Adjacent rooms is gong to be really tough from a scheduling perspective -- you'll be lucky if they are in the same building/floor -- you may even wish to change your request to "same building/floor as reservation xyx" -- if the request is adjacent room it may be impossible and they'll just ignore it.  The broader the request the more likely it will get honored.  Also, make sure to call DVC MS (800-800-9800) and update _both_ reservations with this request, referencing each other.


> 2) They mentioned we may have to change rooms mid-stay.  Anyone stayed for 2 weeks?  I'm wondering how likely it is that we'll all have to move?  This will be a bit of a pain with kids, it's something we'd gladly do if we were switching resorts (worth it to be able to experience another resort), but I would not be as excited about it, if we're just moving over 1 building ;-)


I've done this _many_ times -- we always did 2 contiguous RCI weeks before kids were in school -- great way to experience Disney BTW (_very_ relaxed since you aren't in a hurry to see everything).  We also do this all the time with multiple DVC/RCI reservations to add on a day at the beginning/end
of an RCI reservation with DVC.  We've always  been able to stay in the same room (8+ times we've done this).  The trick is to call DVC MS and request to mark the first reservation as the first reservation of a continuing stay, and the second reservation as a continuing stay, referencing each other.  Also, confirm at checkin that you will be able to stay in the same room.  Ask the front desk to check with the scheduler -- don't just take their word for it.  If you check in late, the scheduler may not be in until the next morning.  Make sure someone checks with them to confirm the reservations are notated correctly.  If you do both these things, you'll have no problem.  You still have to show up by 11 to "check-out" and check  back in but you'll stay in the same room (note your MBs will stop working at 11 and will need reactivated at the front desk -- bring _all_ of them when you checkout because they need to be manually reactivated -- unless you requested different sets on MDE).

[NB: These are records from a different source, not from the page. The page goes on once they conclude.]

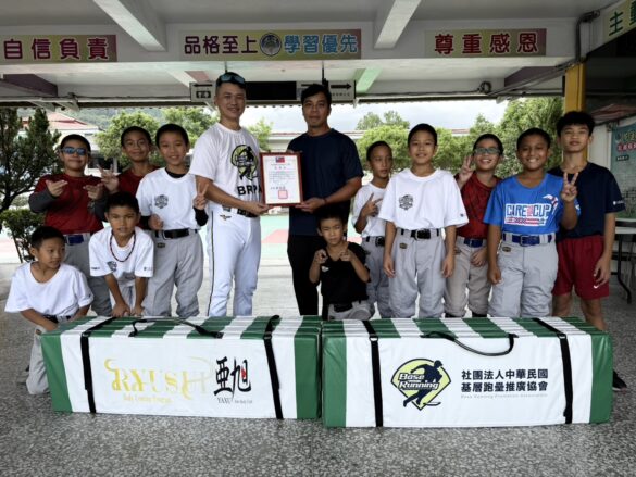 因此,協會立刻行動,訂製兩組專業「滑壘墊」,捐贈給這兩所學校,讓孩子們即使在天候不佳或場地受限時,也能在體育館或室內空間進行滑壘、撲壘、滑接、撲接等技術訓練。
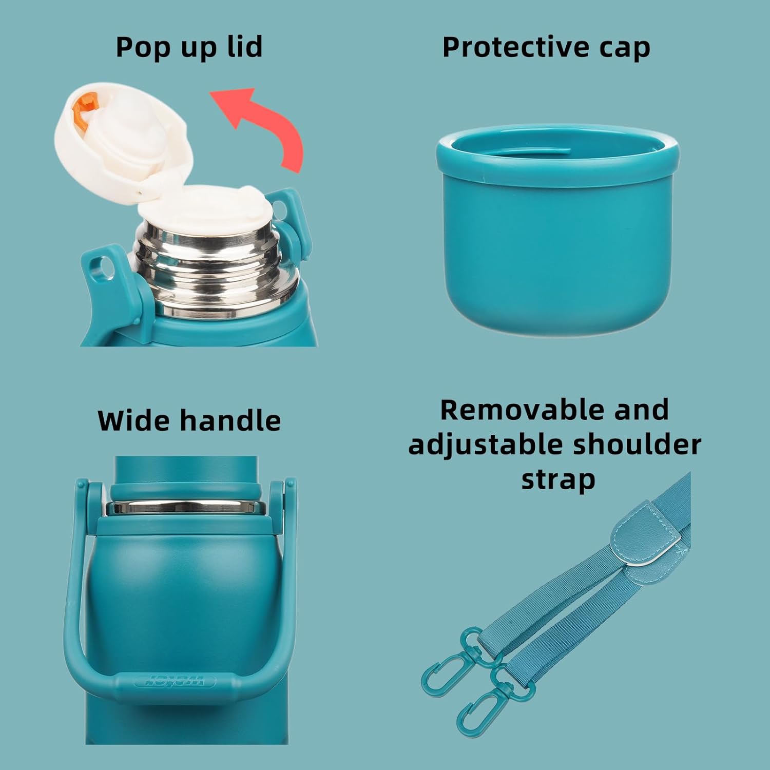 - BPA-Free Water Bottle with Carry Handle and Shoulder Strap: Has a silicone spout and a shoulder strap, all can removable for easy cleaning, comfortable handle makes it easy to carry, also making it an ideal choice for outdoor activities or everyday use
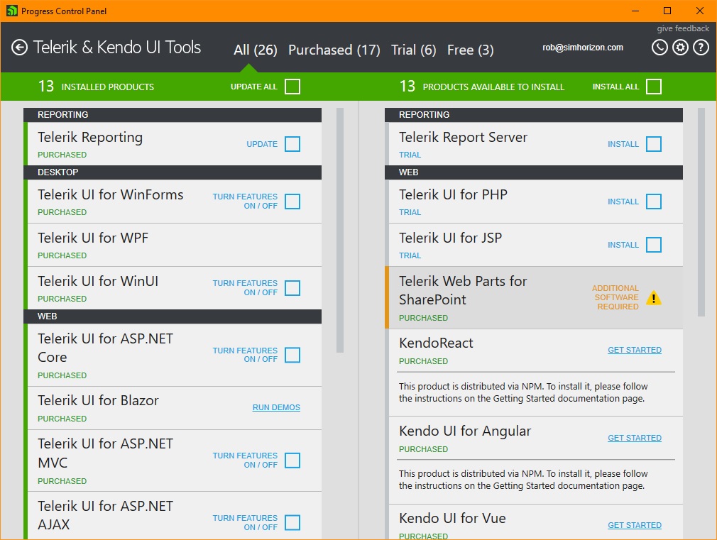When I bring up the Control Panel there is no "TURN FEATURES On/Off" check box for UI for WPF? There is no Telerik for WPF New Project template either? I see the standard MS WPF templates, but not Telerik?
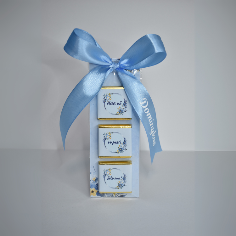 Šokolado plytelės dydis – 3.5 x 3.5cm., sveria 5g.

> 3) Does SSR have a sleeper chair to accommodate a 5th person?  I would like to invite another family member who would likely only be able to stay for 4 nights or so.  I read that some units sleep 5, I thought SSR may have been one of those but pics online do not show a sleeper chair.
> Thanks!


They do not.  All SSR 1bdrms have 1 King Bed, 1 Queen Sleeper Sofa.  See my WDW Point Chart (open in Excel and hover over points for resort/room to see room description include beds).

Have fun!


----------



## Weimaraner (Mar 7, 2015)

I had two 1 bedrooms booked this past mid November and called in advance to be near each other. They made a notation on both reservations. When we checked in, we found out during registration we were still placed in two different buildings. This resort is huuugggeee so fortunately the front desk staff relocated my sister's room closer to ours. It still was a walk but at least in same building which was important since she was staying alone. So hopefully they can place you near each other. We really enjoyed Saratoga and easy access to Downtown Disney. Enjoy your trip!


----------



## Shelb14 (Mar 7, 2015)

Thanks so much for answering all my questions. This is really helpful!


----------



## fergie1030 (Mar 8, 2015)

I stayed last August from 8/31 to September 7th at SSR & the SSR was almost empty. I stayed at Grandstand. 

Have a great  time.
Robin


----------